Mais do que um lugar para guarda e empréstimo de livros, elas estão se tornando centros culturais onde é possível, entre tantas opções, ver peça de teatro ou show musical, fazer curso de computação, aula de ioga, usar a internet, descansar um pouco e se esconder do sol quente – como no feriado do dia 15, quando a Biblioteca Parque Villa Lobos ficou lotada.
Se o desafio da Villa-Lobos (126 mil usuários em 2016) é formar um público desconectado do parque, o das bibliotecas municipais (54 unidades e 952 mil usuários em 2016) é a modernização, a ampliação do horário de funcionamento e a retomada da renovação do acervo – depois de um hiato, este ano, segundo o secretário de Cultura André Sturm, foram gastos R$ 535 mil na compra de 23.266 exemplares. Doações também foram feitas por editoras a pedido da Prefeitura. Em 2018, Sturm disse o valor chegará a R$ 1 milhão – o mesmo que pretende investir no projeto Biblioteca Viva, que vai dar uma nova cara aos espaços. A Álvaro Guerra, pertinho do Parque Villa-Lobos, foi a primeira a ser reinaugurada com Wi-Fi, novo mobiliário, diferente disposição de livros de ficção (com a capa virada para a frente) e ampliação da programação. “Faremos isso nas 54 e, nesse ano, ainda, em pelo menos mais 35. A ideia é que até fevereiro todas estejam como a Álvaro Guerra”, garante Sturm.
Nem sempre relacionados aos livros ou que tenham a leitura como objetivo final, muitos dos cursos oferecidos têm fila de espera. É o caso do Smartphone para a terceira idade, nas duas bibliotecas estaduais.
Maria da Piedade Siqueira já tinha até esquecido que se inscreveu nesse curso quando recebeu a ligação da Biblioteca de São Paulo. Fazia quatro ou cinco meses que tinha visto uma matéria na tevê e ela, que nunca tinha pisado na biblioteca, foi lá, feliz da vida. “Foi ótimo. A turma toda gostou”, conta. Ela quer mais. “Deixei meu nome para fazer o curso de computação. O que tiver para eu ocupar a mente eu pretendo fazer.” Ler também? “Tenho dificuldade em ler, não sou muito apegada a livro, mas vou tentar.” Aos 68, ela diz que espera que o Governo continue com ações como essa. “Ocupando a mente da velharada, vão economizar com hospital e remédios”, conclui.

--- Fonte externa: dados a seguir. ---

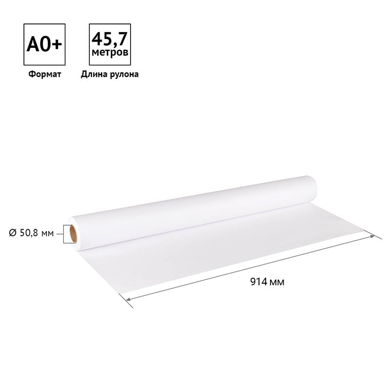 Размер бумажного полотна составляет 914 мм (36 in), что соответствует формату А0+. Длина рулона - 45,7 м (150 ft). Внутренний диаметр втулки - 50,8 мм. Плотность бумаги 90 г/м², белизна по CIE 146%. Для защиты от влаги и поддержания нормального уровня влажности рулон упакован в полиэтиленовую пленку. Размеры короба - 93,4×11,2×11,2 см
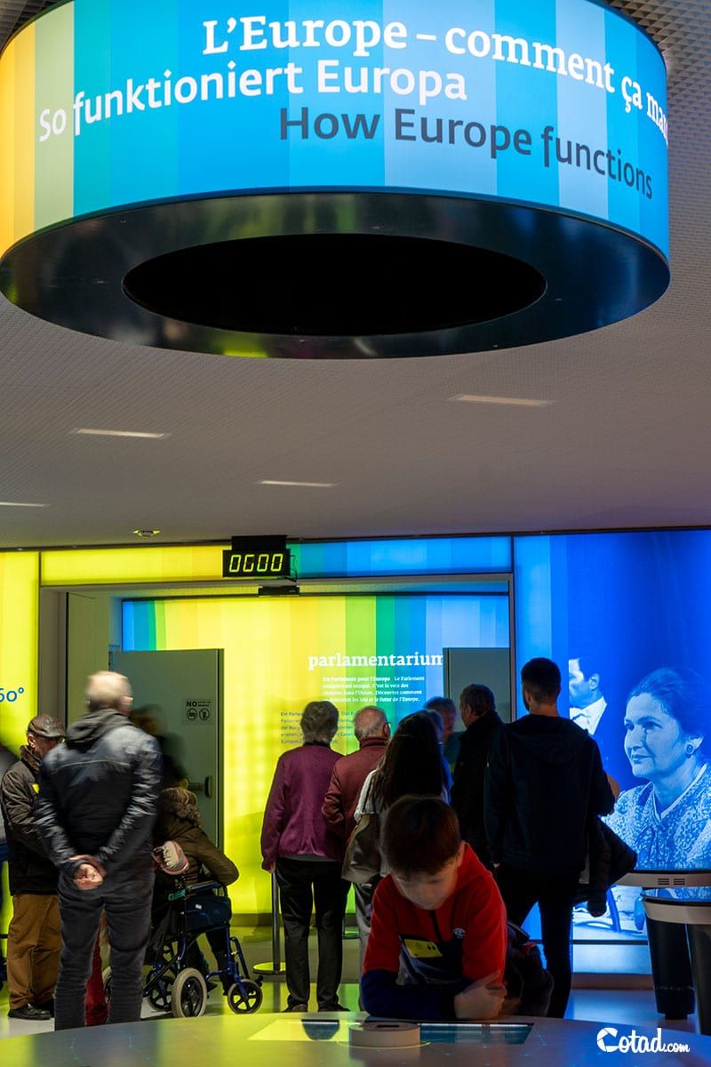 There is also a cinema room that offers a film on European issues in the 24 official languages, as well as an exhibition on the journey of Simone Veil, the first elected President of the European Parliament and the first woman to hold this position.

Para o aposentado Luiz Antonio de Oliveira, de 66 anos, e Vanira Vergani, jornalista de 56, os livros são, ainda, o melhor remédio. Ele, com cerca de 100 empréstimos por ano e levando três horas para ir e para voltar, é o frequentador mais assíduo da Villa-Lobos. Ela, com 25 livros lidos por semana, da Biblioteca de São Paulo. “Se temos tudo aqui, por que comprar? Se eu tivesse que comprar, leria mais devagar”, brinca Luiz, que nunca fica para ler na biblioteca por causa do barulho. Os novos tempos…
As informações são do jornal O Estado de S. Paulo.